Write out a list of things you’ve been meaning to do for your business and schedule them in like you would for any other client. Maybe you’ve been wanting to streamline your client onboarding process or revamp your website – there’s no better time to tackle that! Don’t have a website for your business yet? Gina has a great free course on starting a website in 7 days or less.
You could also start a newsletter, create a new opt-in, or improve your current one – anything you would do for a client, do for yourself.
There’s a saying I feel like most of us can relate to – “the cobbler’s children have no shoes.” As freelancers and virtual assistants, it’s easy to forget that we are also business owners and need to take time to work on our business, not just on our clients’ businesses. Hire yourself in the slow months, so when you’re busy again, you already have everything you need in place.

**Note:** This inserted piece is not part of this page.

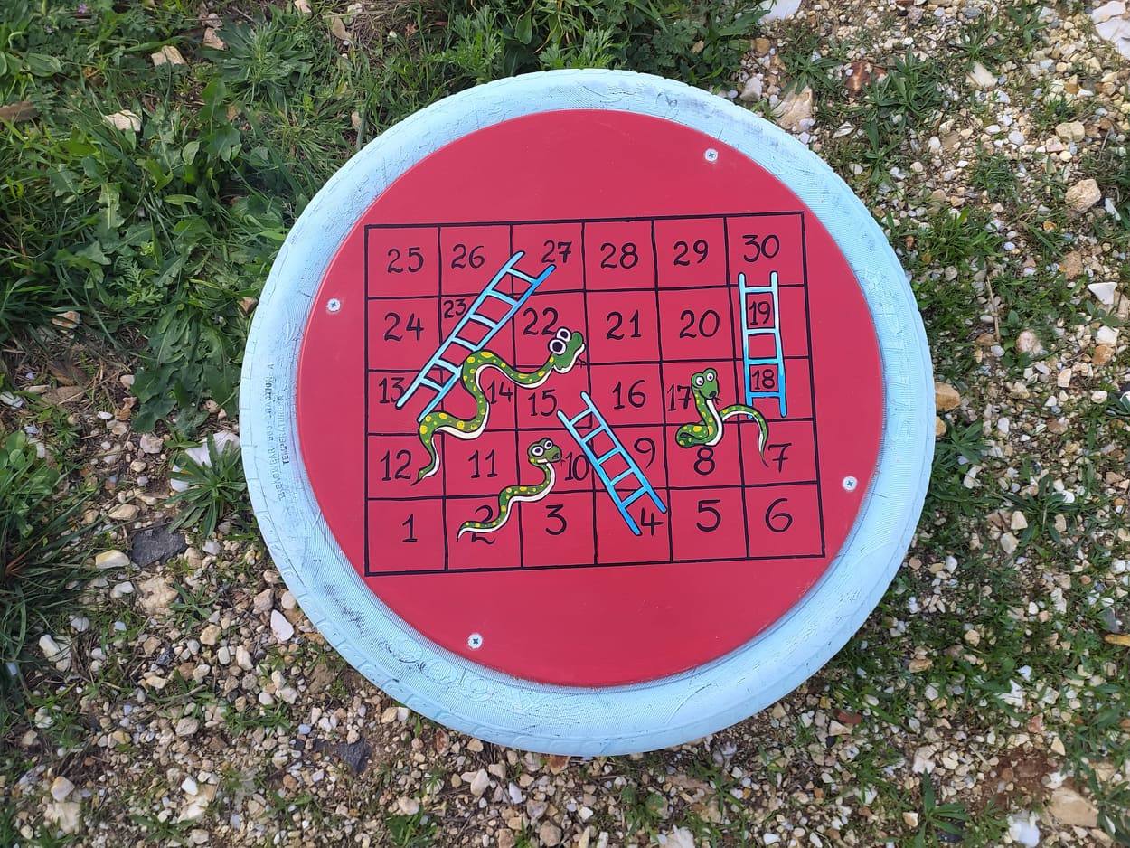 Πέρα από τα δημοφιλή παιχνίδια φιδάκι και κουτσό που είναι ζωγραφισμένα με όμορφα φωτεινά χρώματα στο δάπεδο του προαυλίου, υπάρχουν διάσπαρτα παιχνίδια σε παλιά ελαστικά που έχουν βαφτεί και δίνουν μια άλλη νότα στην αυλή του σχολείου.

If you do happen to have clients already lined up, Due recommends setting up a calendar to stay on task. Do this, and you’ll know what’s going on throughout the summer.
For several years, I used a handy day planner for my to-do list. It worked pretty well for a while. Now I have too many projects with too many moving parts to manage them in this way.
I’ve made the transition to using Asana, a free online task management system, to manage tasks and deadlines. Trello is another task management system I’ve seen other people use with success. The system helps me break down large projects into small pieces so I can assign jobs to myself and others. It also reminds me of the different deliverables I need to get from clients to do my job.
A project management system has been a lifesaver when it comes to managing the moving parts of multiple assignments for multiple people during a busy time.
Freelance Freedom Project recommends scheduling posts and social media while you’re enjoying summer vacations and outings; that way, you won’t be missing in action.
Instead of letting your traffic slide while you’re away, pre-write your blog posts and newsletters and schedule them to post while you’re on the beach. Just like this one!
You can use the native WordPress scheduler alongside a plugin like WP Editorial Calendar to schedule and stay organized.
And if batch writing posts in advance is a little daunting for you, enlist a guest poster or two to take the stage while you’re away.
I’ve got a couple lovely FTF members who I’ve brought on to share their wisdom with you guys while I’m away. I get a break, they get to share with a new audience, and you get a break from me. Win win all around!
Even if you’re a new freelancer, if you have a few smaller clients, you should still give them a heads up before going on vacation. They’ll respect that you told them you might be at your desk all of the time and Diana Kelly Levey provides additional advice below:
Before going on summer vacation, do this:
Give anchor clients’ a head’s up. This is a great way to let them know you’re available now but might be taking off for half of August.
Check in with editors you worked with in the past to see what they need pitches on. You could use summer themes and angles as a hook for pitches or nod to the fact that they might be short-staffed this summer with vacations and you’re available to help.
File invoices, check on unpaid invoices and make sure you know when checks or payments should be posted.
Put up an “out of office” for the days you’re away and a fun message, like. “I’m OOTO until 7/14 splashing in the ocean and coming up with article ideas. I look forward to responding to your message when I return.”